Gandhi assassinated 1948
Mohandas Karamchand Gandhi, the political and spiritual leader
of the Indian independence movement, is assassinated in New Delhi by a
Hindu fanatic.
Born the son of an Indian official in 1869, Gandhi’s Vaishnava mother
was deeply religious and early on exposed her son to Jainism, a morally
rigorous Indian religion that advocated nonviolence. Gandhi was an
unremarkable student but in 1888 was given an opportunity to study law
in England. In 1891, he returned to India, but failing to find regular
legal work he accepted in 1893 a one-year contract in South Africa.
Settling in Natal, he was subjected to racism and South African laws
that restricted the rights of Indian laborers. Gandhi later recalled one
such incident, in which he was removed from a first-class railway
compartment and thrown off a train, as his moment of truth. From
thereon, he decided to fight injustice and defend his rights as an
Indian and a man. When his contract expired, he spontaneously decided to
remain in South Africa and launched a campaign against legislation that
would deprive Indians of the right to vote. He formed the Natal Indian
Congress and drew international attention to the plight of Indians in
South Africa. In 1906, the Transvaal government sought to further
restrict the rights of Indians, and Gandhi organized his first campaign
of satyagraha, or mass civil disobedience. After seven years of
protest, he negotiated a compromise agreement with the South African
government.
In 1914, Gandhi returned to India and lived a life of abstinence and
spirituality on the periphery of Indian politics. He supported Britain
in the First World War but in 1919 launched a new satyagraha in protest
of Britain’s mandatory military draft of Indians. Hundreds of thousands
answered his call to protest, and by 1920 he was leader of the Indian
movement for independence. He reorganized the Indian National Congress
as a political force and launched a massive boycott of British goods,
services, and institutions in India. Then, in 1922, he abruptly called
off the satyagraha when violence erupted. One month later, he was
arrested by the British authorities for sedition, found guilty, and
imprisoned.
After his release in 1924, he led an extended fast in protest of
Hindu-Muslim violence. In 1928, he returned to national politics when he
demanded dominion status for India and in 1930 launched a mass protest
against the British salt tax, which hurt India’s poor. In his most
famous campaign of civil disobedience, Gandhi and his followers marched
to the Arabian Sea, where they made their own salt by evaporating sea
water. The march, which resulted in the arrest of Gandhi and 60,000
others, earned new international respect and support for the leader and
his movement.
In 1931, Gandhi was released to attend the Round Table Conference on
India in London as the sole representative of the Indian National
Congress. The meeting was a great disappointment, and after his return
to India he was again imprisoned. While in jail, he led another fast in
protest of the British government’s treatment of the “untouchables”–the
impoverished and degraded Indians who occupied the lowest tiers of the
caste system. In 1934, he left the Indian Congress Party to work for the
economic development of India’s many poor. His protege, Jawaharlal
Nehru, was named leader of the party in his place.

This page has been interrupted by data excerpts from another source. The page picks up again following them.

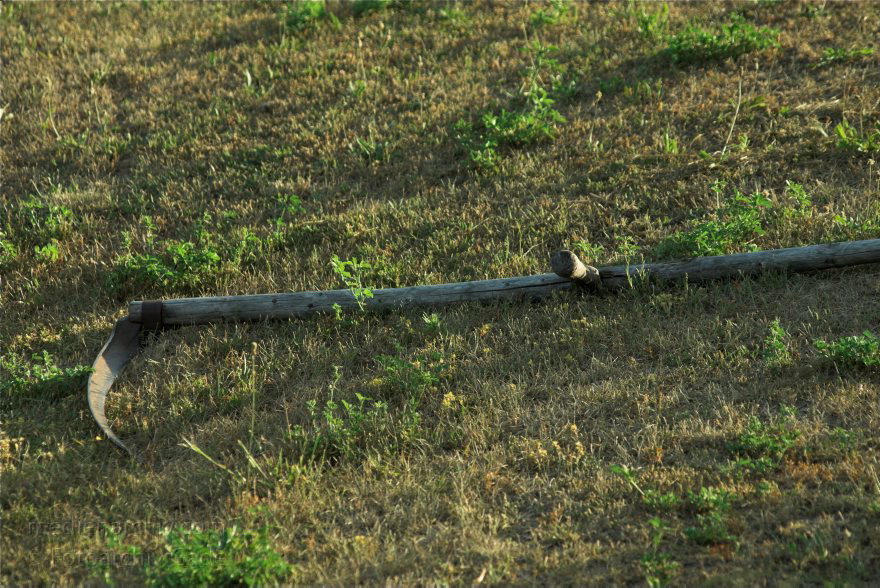 3. 7. 2010. Mecklenburg-Vorpommern. Feldberger Seenlandschaft. Carwitz. Sense auf einer Wiese
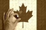 Canada flag is depicted on a puzzle, which the man's hand completes to fold
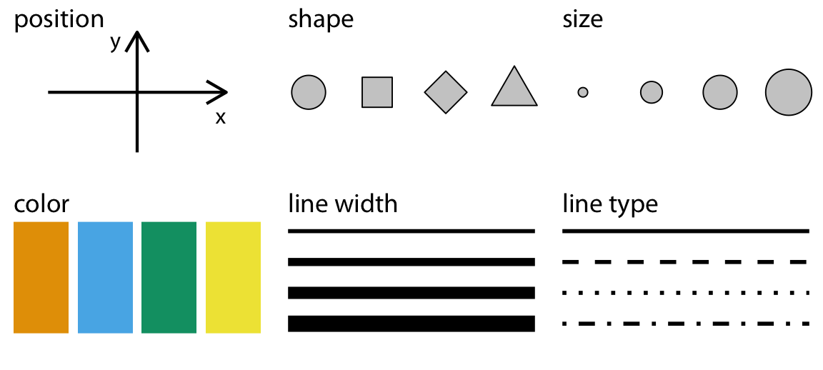 There are many possible aesthetics, but some of the most commonly-found in infovis are:
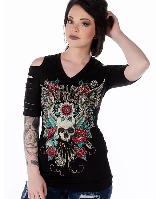 Devilish Cuts, edgy, cold shoulder, v-neck, half sleeve top with Devilish embellished skull graphic and sexy laser cut slash sleeves.

With the outbreak of World War II, Gandhi returned to politics and
called for Indian cooperation with the British war effort in exchange
for independence. Britain refused and sought to divide India by
supporting conservative Hindu and Muslim groups. In response, Gandhi
launched the “Quit India” movement it 1942, which called for a total
British withdrawal. Gandhi and other nationalist leaders were imprisoned
until 1944.
In 1945, a new government came to power in Britain, and negotiations
for India’s independence began. Gandhi sought a unified India, but the
Muslim League, which had grown in influence during the war, disagreed.
After protracted talks, Britain agreed to create the two new independent
states of India and Pakistan on August 15, 1947. Gandhi was greatly
distressed by the partition, and bloody violence soon broke out between
Hindus and Muslims in India.
In an effort to end India’s religious strife, he resorted to fasts
and visits to the troubled areas. He was on one such vigil in New Delhi
when Nathuram Godse, a Hindu extremist who objected to Gandhi’s
tolerance for the Muslims, fatally shot him. Known as Mahatma,
or “the great soul,” during his lifetime, Gandhi’s persuasive methods of
civil disobedience influenced leaders of civil rights movements around
the world, especially Martin Luther King Jr. in the United States.